One aspect of the physical appearance of the book we write that many of us might not consider is the interior. We spend a lot of time on the cover, particularly for ePublishing, and the back matter, of course. But the physical appearance of the pages? Even as a reader, I’d not considered it.
But it rings true. When staring at a page full of print, unrelieved by white space, uninterrupted by dialogue, or a graph or a picture, how do you feel? A little intimidated, perhaps? When I stand in a book store, idly leafing through various volumes deciding which book to purchase, I am unlikely to select the book with pages and pages of unrelieved print.

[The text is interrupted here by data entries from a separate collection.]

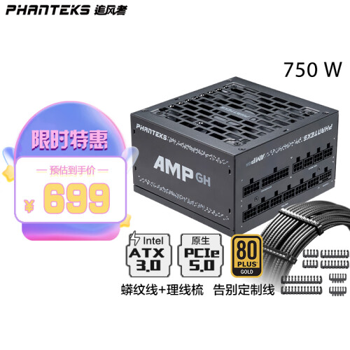 追风者(PHANTEKS)AMP GH金牌750W全模组机箱电源(ATX3.0/原生PCI-E5.0/蟒纹线/理线梳/全日系电容/温控启停)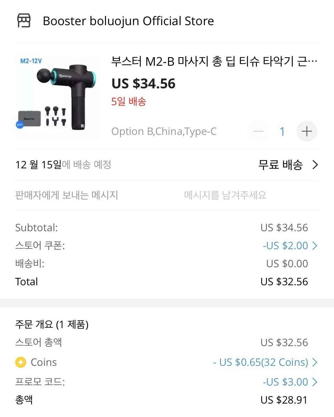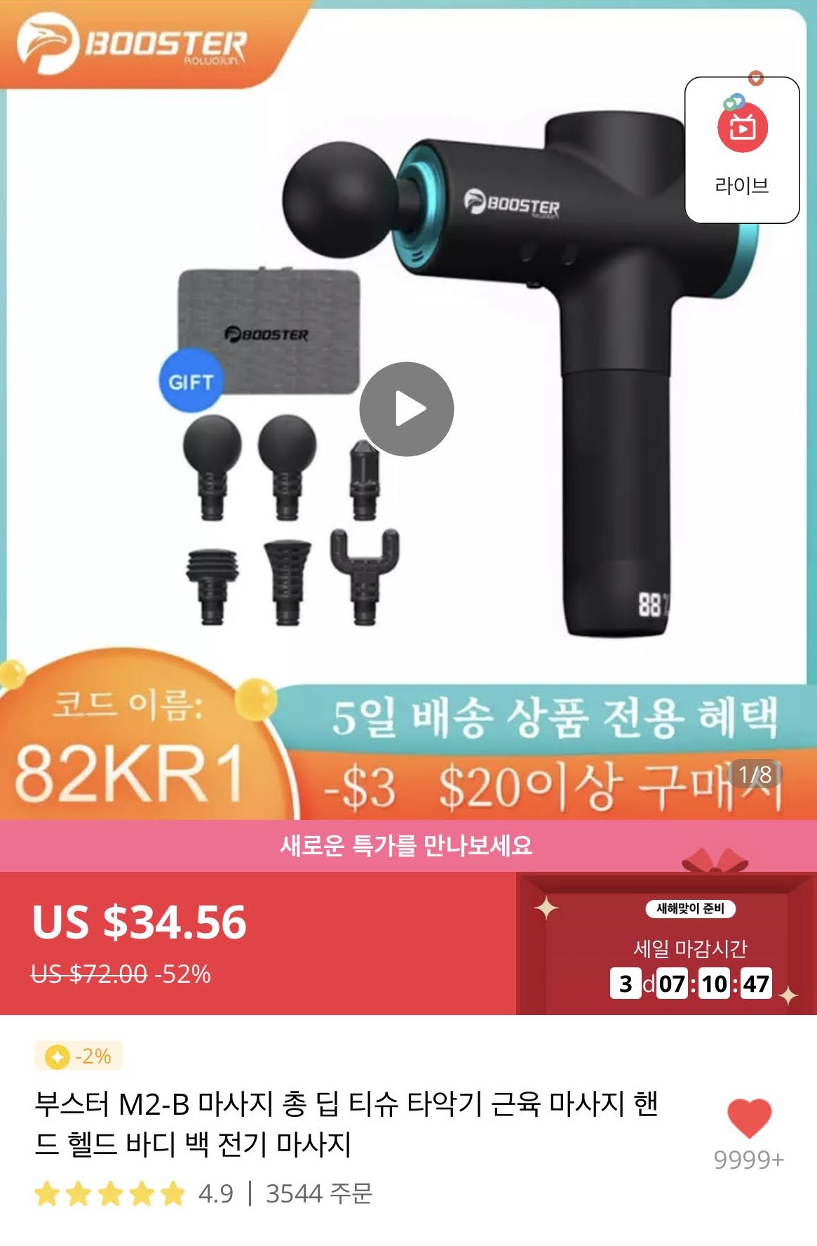 생활, 알리익스프레스 부스터 M2-B 마사지 건 구입 $28.91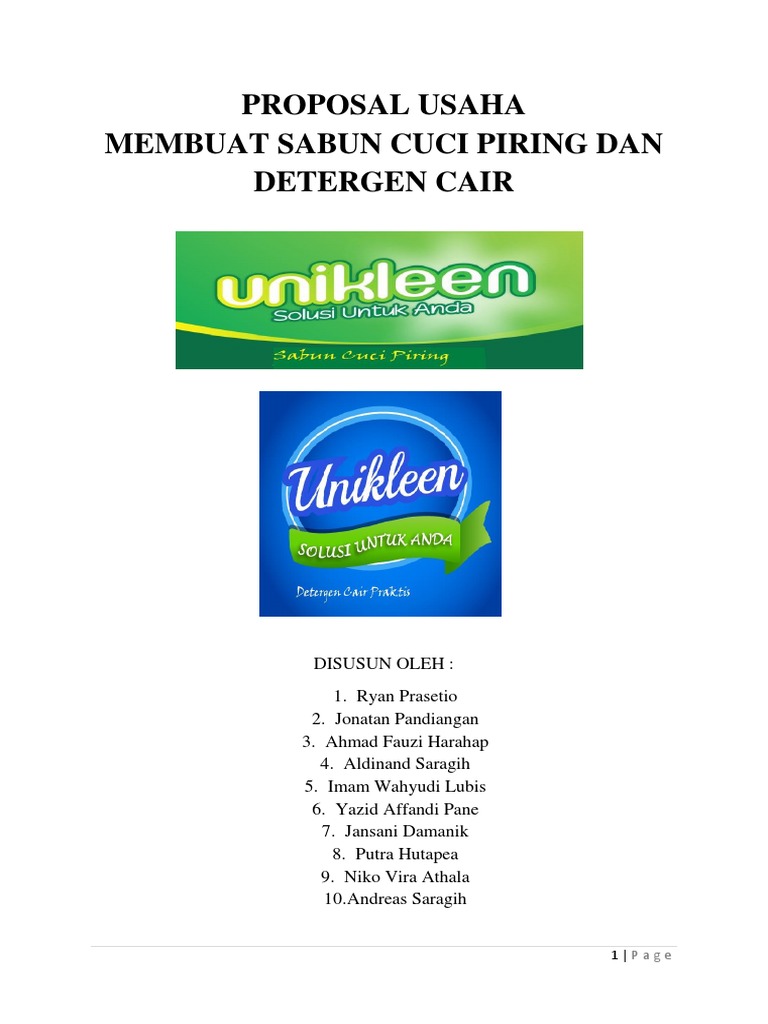 PROPOSAL USAHA MEMBUAT SABUN CUCI PIRING DAN DETERGEN CAIR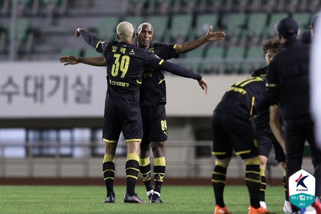 전남은 4일 부산구덕운동장에서 열린 '하나원큐 K리그2 2021 8라운드’에서 부산아이파크를 1-0으로 물리쳤다. 전남(승점 15점)은 선두 대전과 승점은 같아졌고, 골수에서 적어 2위에 올랐다.

Dialogue creates white space (or it should, as Browne & King remark in Self-Editing for Fiction Writers). But if you must write long sections of narrative, and sometimes you must, find ways to break it up by creating new paragraphs where it makes the most sense. The interior appearance of your book is quickly improved.
But there are other, more subtle ways to improve the interior look of your work. One such technique is employed by Steinbeck, particularly in Grapes of Wrath. In this work he creates a rhythm chapter by chapter by structuring the work in movements, much like a symphony, alternating slow movements (chapters that advance the story) with ‘allegro’ chapters (those which adopt a global informative view of the condition he describes). Thus without reading a word, but simply by glancing at the nature of the chapters, one gains an impression of the work.
The suggestion here is to consider approaching your work reflecting upon the overall design of the content, its give and take, its flow. What will be your pace? Will you relieve a story that move at a furious gallop with brief respites, or will you sentence the reader to exhaustion? It is something to consider.